======== Data supplied ========

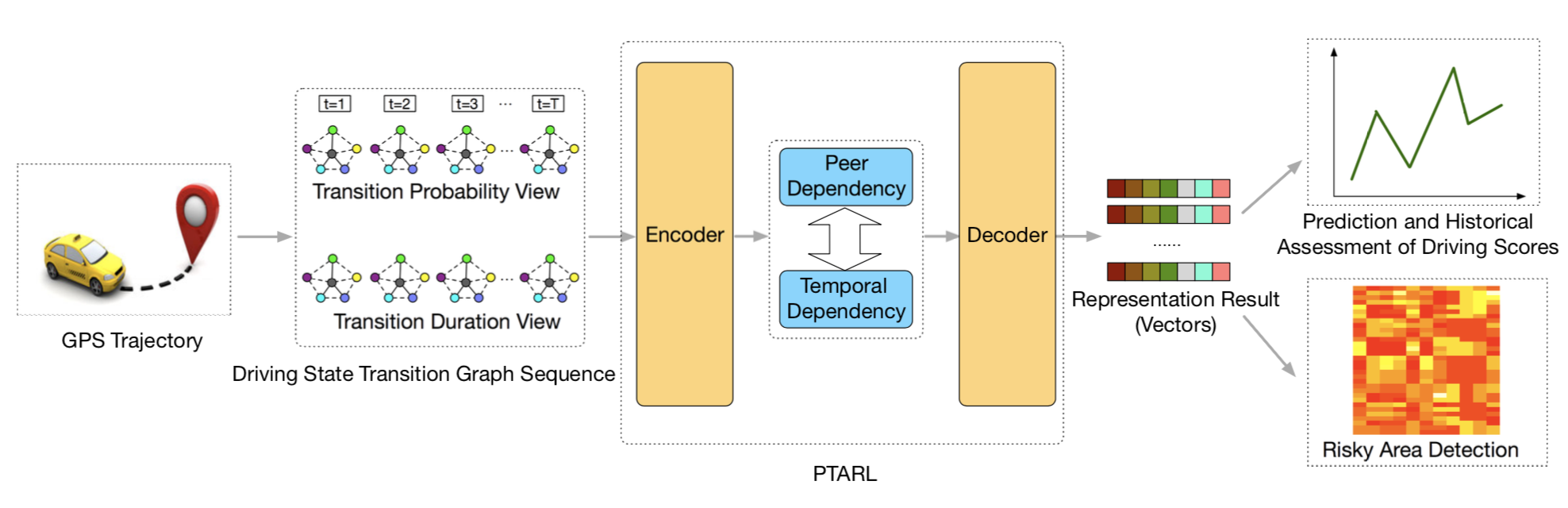 该论文提出了PTARL框架,基于GPS轨迹数据,来分析司机的驾驶行为。该框架图如下图1所示:
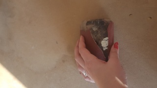 Nakon toga slijedila je sljedeća faza, a to je brušenje površina da budu ravne. Najprije ručno, čista fizikalija, a ona strojem koji se tata sjetio da ima, pa hvala tata. Sigurna sam da ne bi ispalo ovako dobro bez mašine. Jako je jednostavna za korištenje i to bez problema može bilo koja cura.
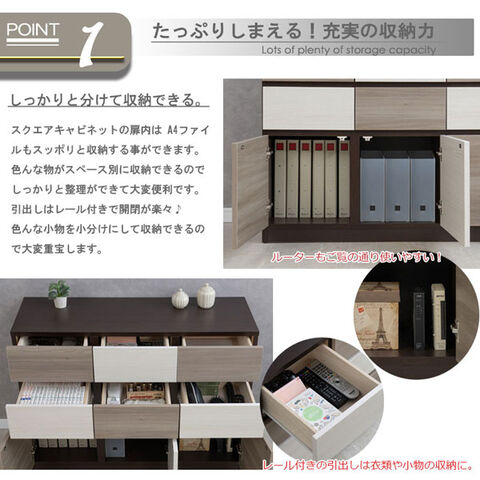 スクエアキャビネット 幅104.5cm FIGO おしゃれチェスト 充実の収納力 収納家具 日本製 完成品 SI-0018-NS
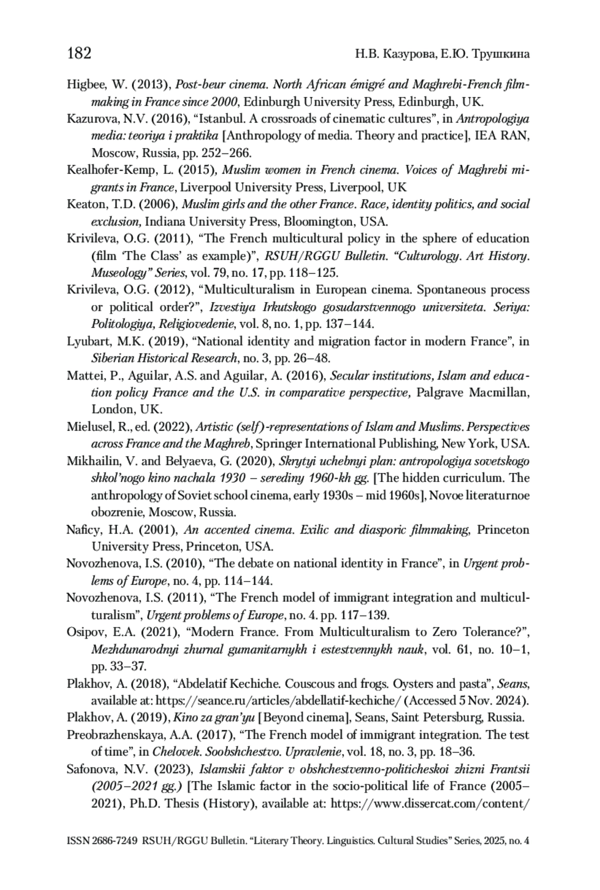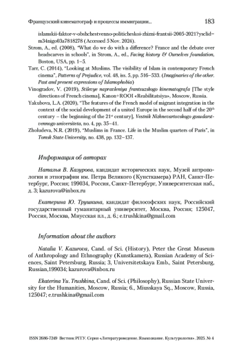 17. Кривилева 2011 - Кривилева О.Г. Французская мультикультурная политика в сфере образования (на примере кинофильма «Класс») // Вестник РГГУ. Серия: История. Филология. Культурология. Востоковедение. 2011. № 17 (79). С. 118-125.
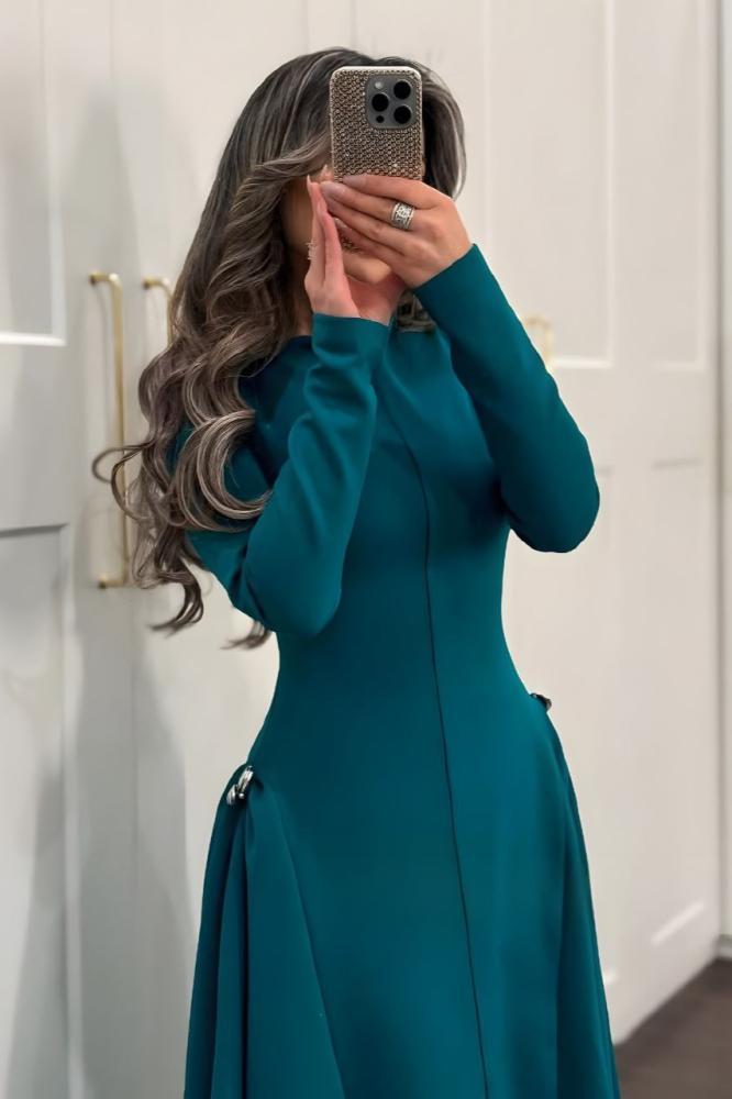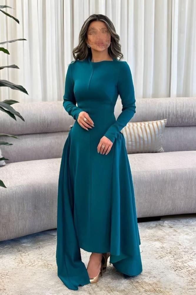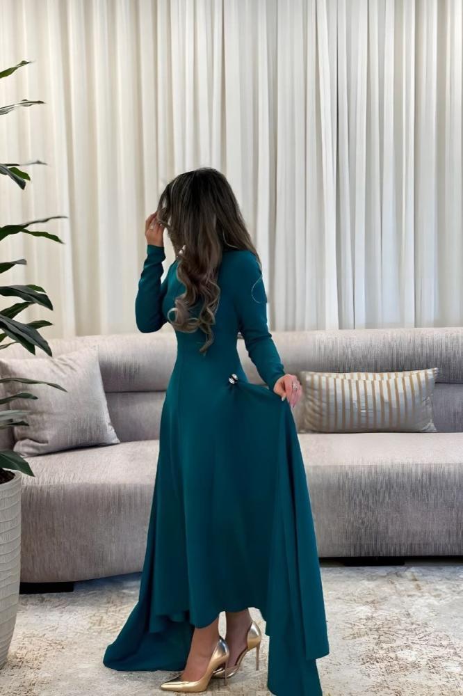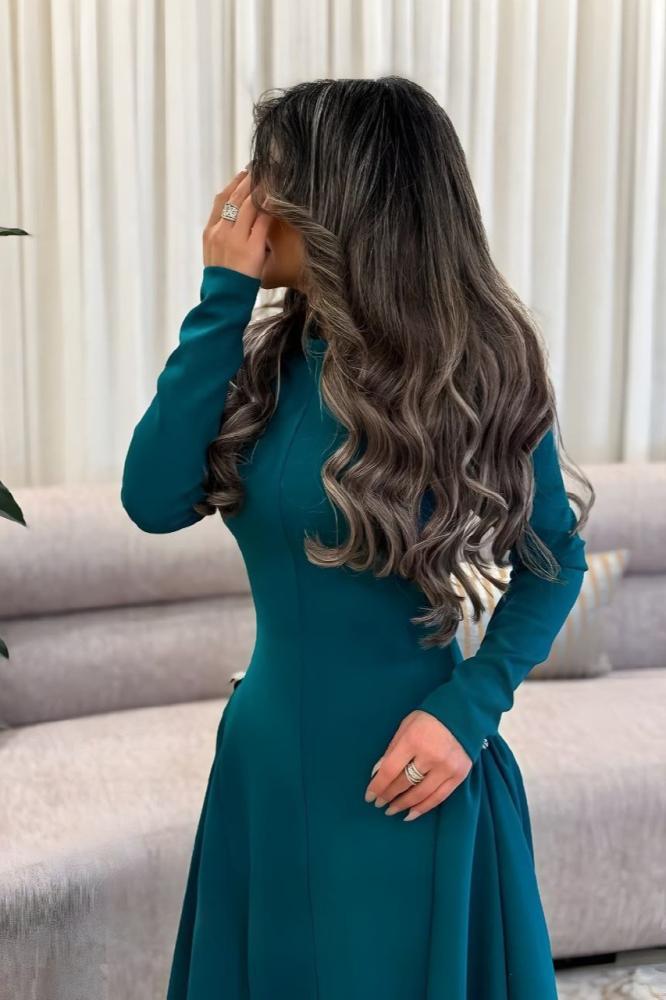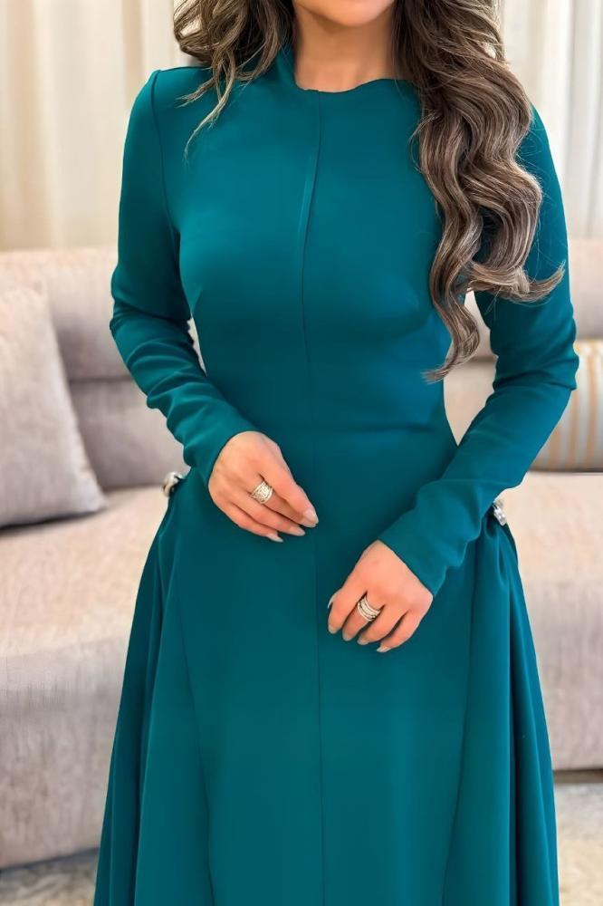 فستان سهرة طويل بأكمام طويلة، يتميز بقصته الناعمة التي تنسدل برقي، مع تفاصيل جانبية أنيقة تضيف لمسة عصرية جذابة.
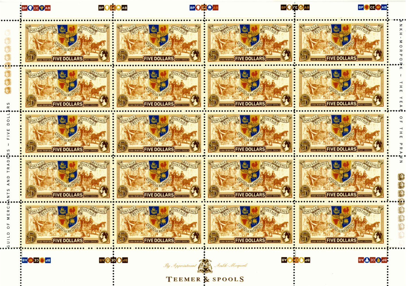 The $5 stamp was said to be sufficient postage to send a rather large package all the way to Genua, so in reality its function was less to do as a postage stamp as a promissory note against Guild funds, just like that tenner in your wallet or purse. Remember that until Mr. Lipwig was appointed Master of the Royal Mint Ankh-Morpork lacked paper money, and larger sums of money in the form of coins are bulky and heavy. The use of stamps in this way was mentioned in both Going Postal and Making Money. It has been said that some stamps change hands over six times before getting a glimpse of an envelope. This stamp was previewed as a prize for winners who came up with a good taste for flavoured stamp gum, in the form of a special proof sheet.
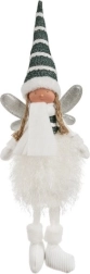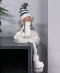 Táto sediaca víla spája útulný zimný štýl a jemný lesk, ktorý rozžiari každý interiér. Vďaka premyslenému tvaru s dlhými nožičkami možno figúrku bezpečne posadiť na okraj poličky, komody, krbu alebo okenného parapetu. Ľahučké a hebké materiály pôsobia príjemne na pohľad aj dotyk, zatiaľ čo strieborné krídla dodávajú dekorácii sviatočný trbliet.
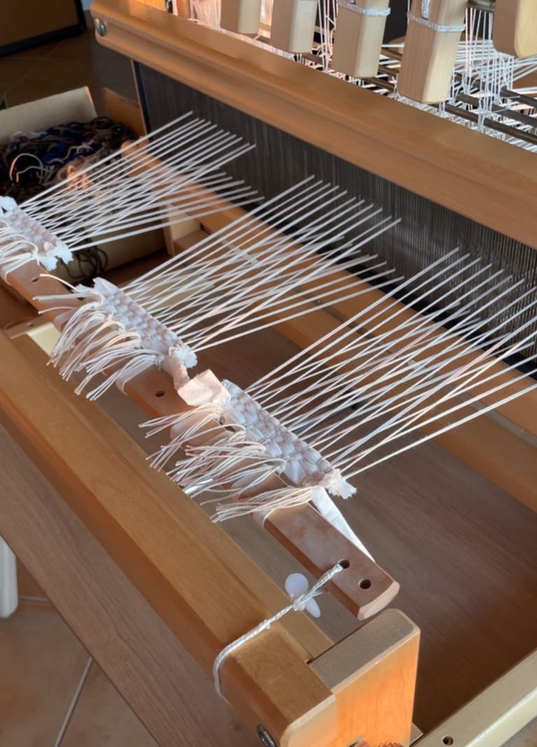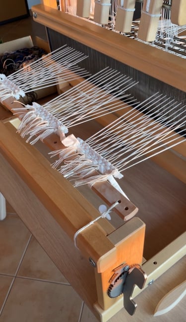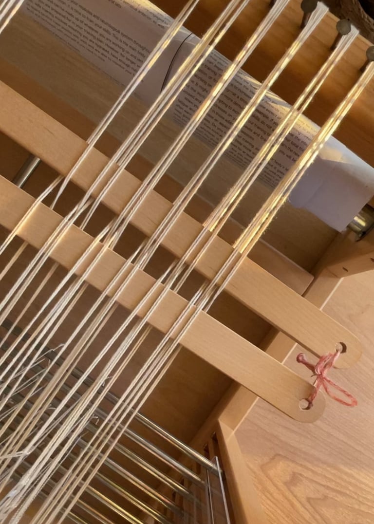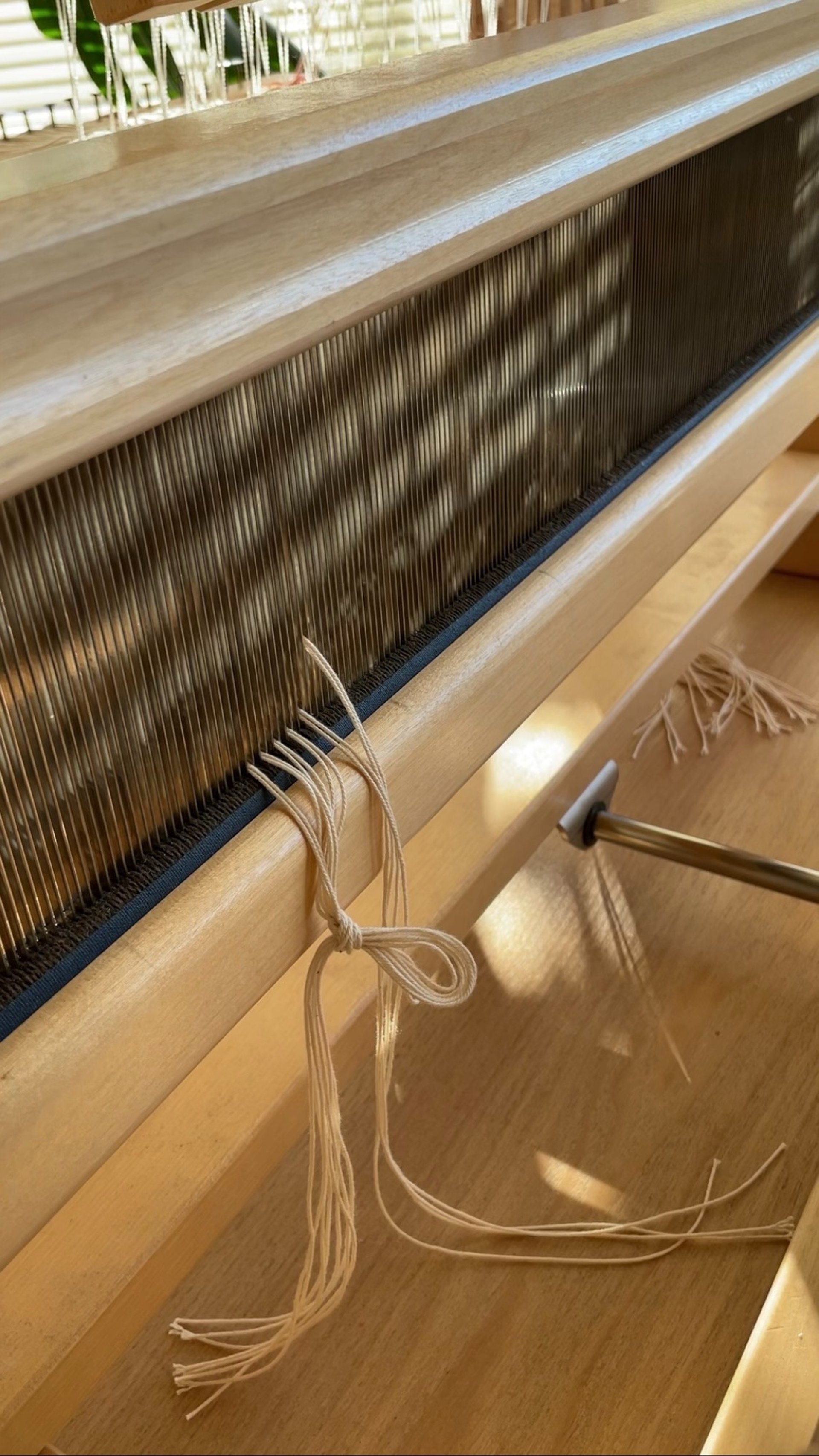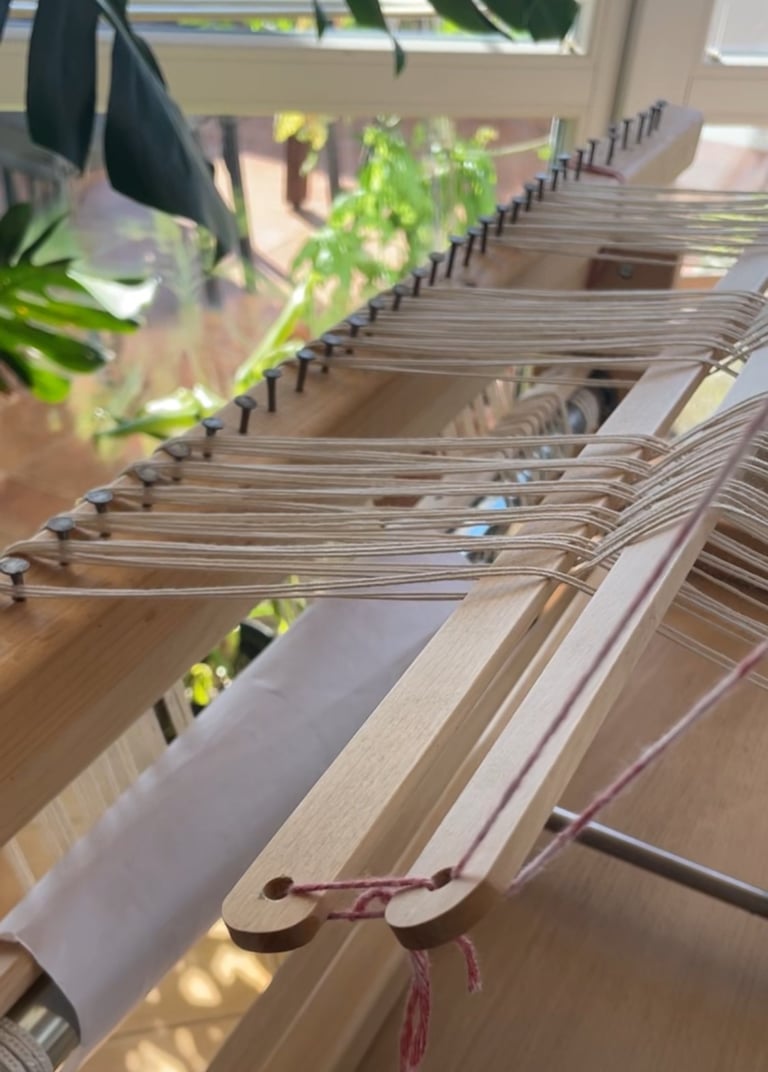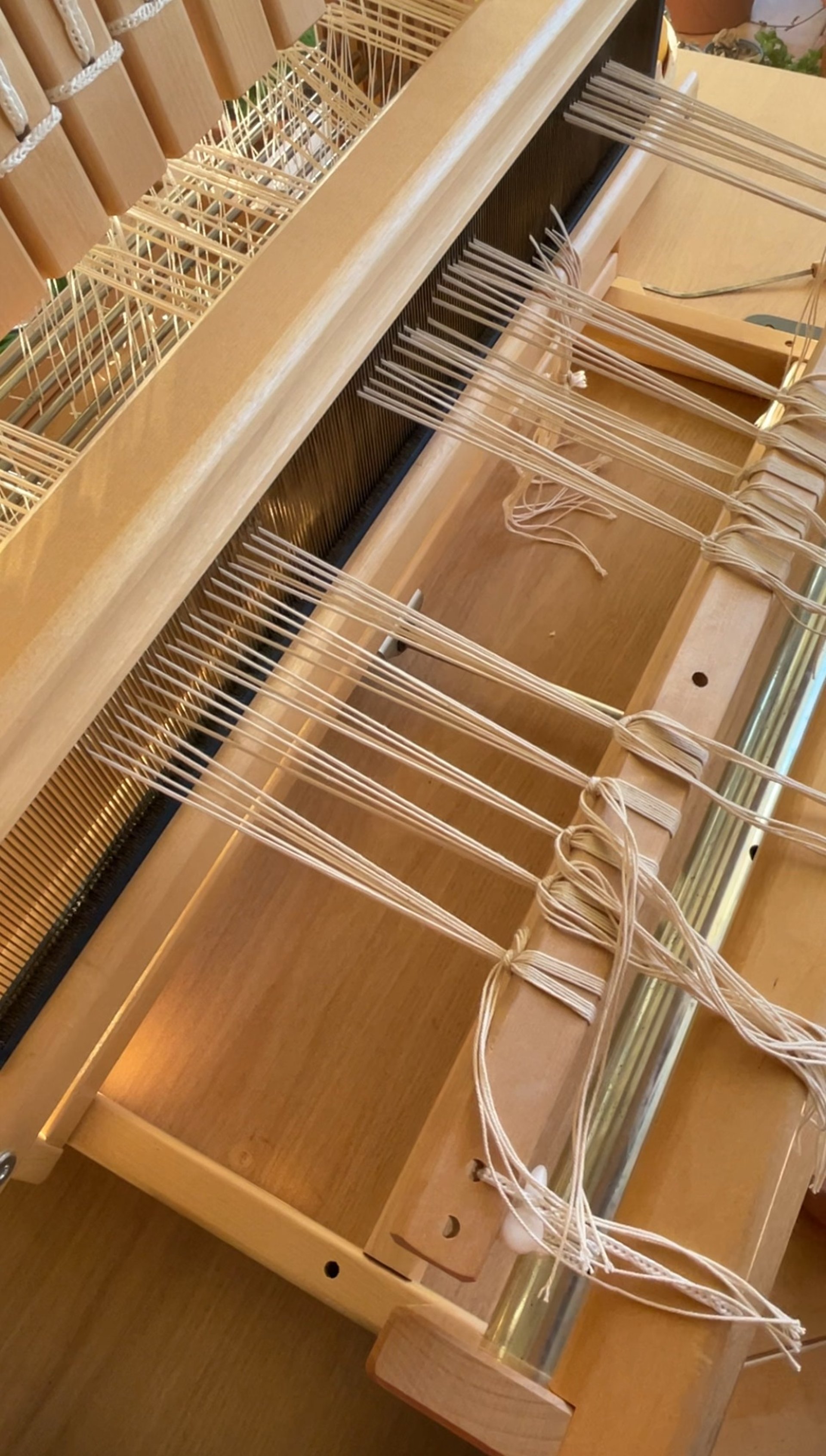 Once the warp is fully wound, it’s time for threading and tying on — the final stages before weaving begins.

========

Required action: Starting from the line that contains "Táto sediaca víla", transcribe exactly each line down to the final line of the material above, excluding every picture and adding nothing else.

Expected output:
 Táto sediaca víla spája útulný zimný štýl a jemný lesk, ktorý rozžiari každý interiér. Vďaka premyslenému tvaru s dlhými nožičkami možno figúrku bezpečne posadiť na okraj poličky, komody, krbu alebo okenného parapetu. Ľahučké a hebké materiály pôsobia príjemne na pohľad aj dotyk, zatiaľ čo strieborné krídla dodávajú dekorácii sviatočný trbliet.
 Once the warp is fully wound, it’s time for threading and tying on — the final stages before weaving begins.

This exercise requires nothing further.